Twice TIVO customer services (once I can get through) have told me somebody would call back but they havent. On the most recent call the best they could do is tell me they would email the appropriate person and get back to me. 

My girlfriend is mocking me, telling me I should have just bought SkyPlus. 

I understand the adaptor sold (and not yet delivered) by TIVO for 29.99 can be purchased online for £8 from
t i v o l a n d d o t c o m 
(sorry forum software wouldnt let me post url in normal form)

So I am going to try this and attempt to get a refund from TIVO. I believe most credit card companies will do this if an online order is not delivered within 30 days.

I hope this post may help save some people some time and money.


----------



## cwaring (Feb 12, 2002)

Firstly, welcome to the Tivolution. Secondly, please slap your poor, mis-informed and quite possibly dillusional GF for me 

Yes, Tivo CS in the UK is run by Sky Subscriber Services Ltd. Rest assured that that is _all_ they do for them though.

Also, when you do finaly get your dongle, if you place the wand just over the third digit and about an inch 'out' from the STB you should get 99.9% perfect channel changes


----------



## Parrot of Doom (Nov 23, 2004)

I've got one lying on a shelf mate, you can have it for P&P, lets say a tenner?

PM me if you want more details.


----------



## 6022tivo (Oct 29, 2002)

Hi, if it does turn up you should get a returns form also?? I did for a replacment peanut years ago.

I use a dongle (from ebay £5 in my case) with my Pace 2000, I NEVER need to reset my STB and always get 100% channel changes with it, so go get and enjoy your tivo.


----------



## nootopian (Jan 7, 2006)

Thanks so much for your help guys. I am starting to feel the love already.

Parrot - thanks for offer, I am watching an ebay auction right now and if that doesnt work out Ill be in touch.

6022tivo - you returned a peanut? you are a better consumer activist than I can ever hope to be. good work.

im off to buy a lost dvd to make domestic peace.

thanks again


----------



## nootopian (Jan 7, 2006)

Today I received a package with SKY logos, it contained a despatch note for a Tivo cable adaptor and for some reason a...

scart lead

but no cable adaptor.

I would love to be a tivo evangelist like so many on these forums but they are making it very hard


----------



## cwaring (Feb 12, 2002)

You're not having much luck, are you  Hope you sort it all out soon. Believe me, after a week you'll wonder how you ever managed without one!


----------



## 6022tivo (Oct 29, 2002)

And I have only received a Peanut off them...  

BTW, A Peanut is what we call the remote..

You are not having much luck are you...


----------



## AMc (Mar 22, 2002)

nootopian - if I were you I would ring Tivo CS up and ask for a refund and then buy from Tivoland who have a good reputation here and are half the price! You've waited too long and got the wrong thing from Tivo CS.

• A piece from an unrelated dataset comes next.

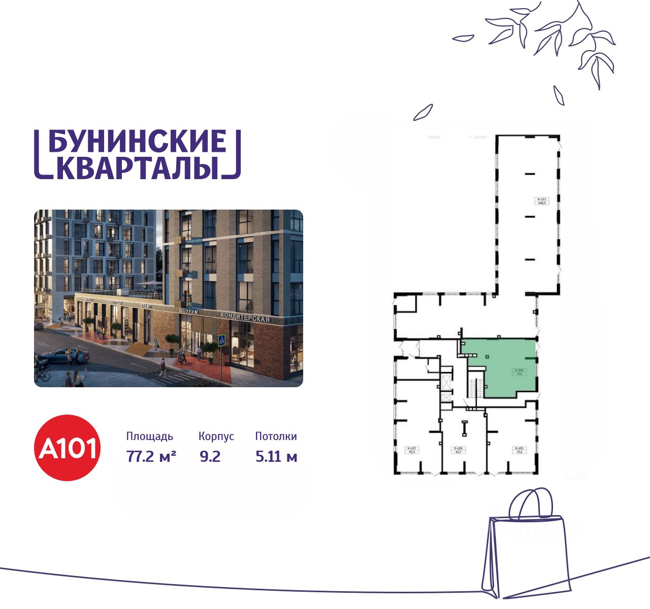 Продается торговое помещение площадью 77.20. на 1-м этаже ЖК "Бунинские кварталы".

Try not to be too discouraged. When I got my Tivo I had a Pace 4000 and wasn't expecting to need a dongle. The day I got my Tivo Telewest issued an update that broke IR control for the 4000 so I have to wait a week for a dongle from Tivo CS anyway - I guess they were more on the ball back then!

It is worth the wait but I sympathise that this must be frustrating.


----------